Malgré de très grandes souffrances, surtout pendant sa dernière année de maladie, jamais elle ne réclame un soulagement supplémentaire. Elle se montre reconnaissante des soins dont on l’entoure, les payant de bons sourires et de chapelets aux attentions de chacune. Elle apprécie le précieux soutien moral de sa sœur Ernestine, présente à ses côtés.
« Vous ne trouvez pas le temps trop long? » lui demande-t-on parfois. Silencieuse et souriante, elle élève alors son chapelet en guise de réponse. À sa sœur qui compatissait à sa souffrance, elle confie un jour « Je dis à Notre-Seigneur : Faites de moi tout ce que vous voudrez. »

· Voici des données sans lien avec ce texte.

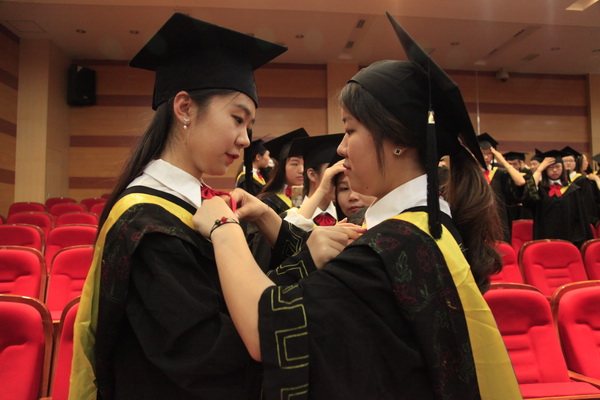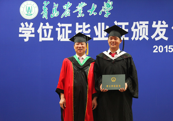 忐忑、激动、兴奋、甜蜜,穿袍、正冠、悬穗、合影……偌大的学术会馆报告厅处处流动着幸福的微笑与收获的喜悦。6月23—25日,青岛农业大学举行学位证毕业证颁发仪式,校学位评定委员会主席、校长宋希云在这里为6326名圆满完成学业的2015届毕业生一一颁发学位证毕业证并合影留念,为大家送去母校的深情祝福。广大毕业生在同学和老师的注视下,为自己的学业划上完美的句点,奔向新的征程。
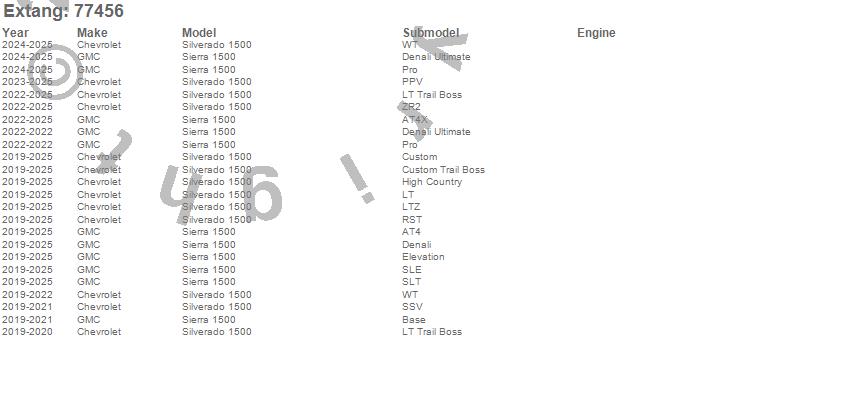 Below is an abbreviated list of applications for the Trifecta e-Series.Sierra 1500, Silverado 1500, Chevrolet, GMC, 2026, 2025, 2024, 2023, 2022, 2021, 2020, 2019
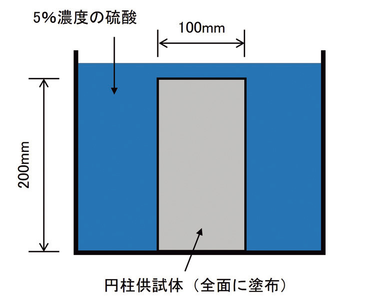 円柱の全面に塗布した後、供試体を5% 濃度の硫酸溶液に浸漬させ、1週間おきに質量減少率を調べた。
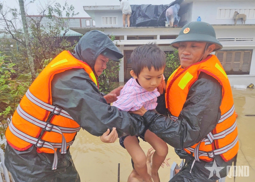 | Ban Chỉ huy Phòng thủ khu vực 1 - Hoài Nhơn Nam ứng cứu, đưa các em nhỏ đến nơi an toàn. |
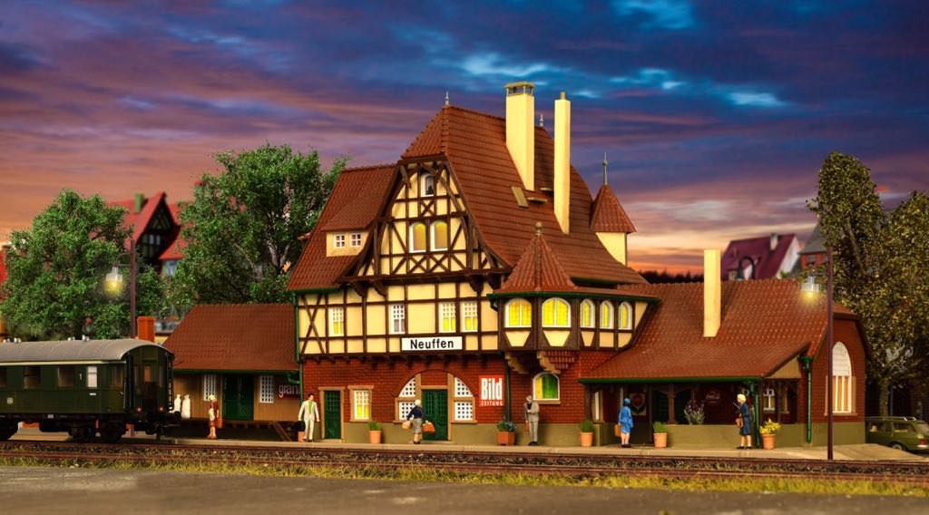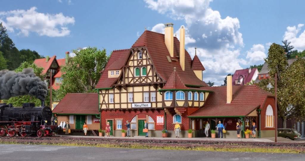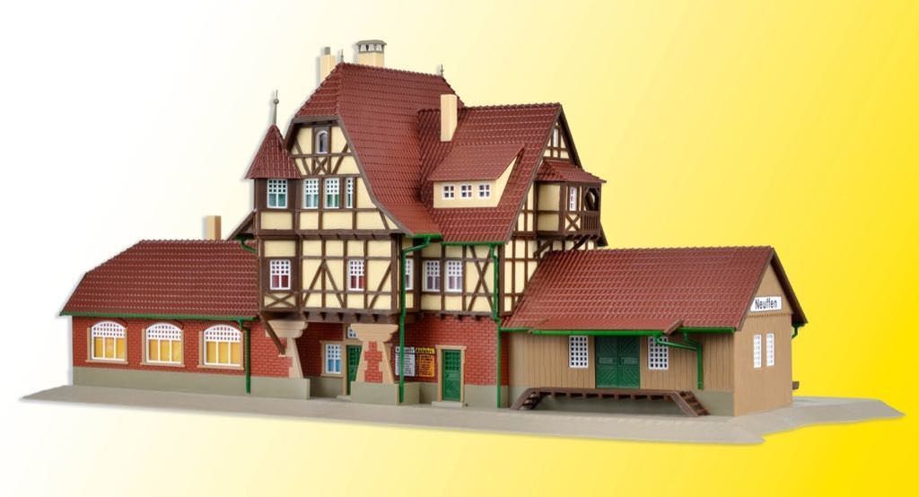 Der Bahnhof Neuffen ist ein typischer Landbahnhof. Er ist Endstation der Nebenlinie Nürtingen-Neuffen und steht am Fuß der Burgruine Hohen-Neuffen auf der Schwäbischen Alb. Das kurz vor der Wende zum 20. Jahrhundert errichtete, stilechte Bahnhofsgebäude wurde von Vollmer mit allen Details nachgebaut. Maße: L 41 x B 14 x H 16,5 cm.

Une semaine avant sa mort, alors qu’elle avait failli partir, son infirmière lui dit gentiment : « Grand-Mère, le bon Dieu a eu l’envie de te prendre… ». « Je le sais, j’étais consciente », « Tu n’es pas déçue ? », « Non ! ». Sa volonté était à ce point accordée totalement à celle de son Seigneur.
Le décès
Son heure est venue, le 3 mai 1973 à 18 heures. Une couronne de sœurs l’entouraient de leur prière recueillie et confiante. Sa Vierge recueillit le dernier soupir de sa servante. Son corps est inhumé dans le cimetière de la communauté religieuse des Sœurs de la Présentation de Marie, à Saint-Hyacinthe.
Conclusion
Enfant douce et joyeuse, adolescente responsable et respectueuse, sœur fidèle et attachante, femme de conviction et de devoir, Marie-Rose Brière a marqué la vie de ceux qui l’ont cotoyée et son souvenir demeure présent en chacun.
Le commentaire suivant formulé à son égard s’avère une description explicite : « Un sourire lumineux et perpétuel conférait à sa physionomie une indéfinissable attirance. »
La vie de Marie-Rose Brière, comme celle de Sœur Maria-de-Lourdes, a été marquée par l’amour, la foi, la générosité, le dévouement et un éternel sourire.
Après 86 ans d’une vie bien remplie et 66 ans de vie religieuse intense, elle repose en paix dans l’Amour qu’elle a partagé.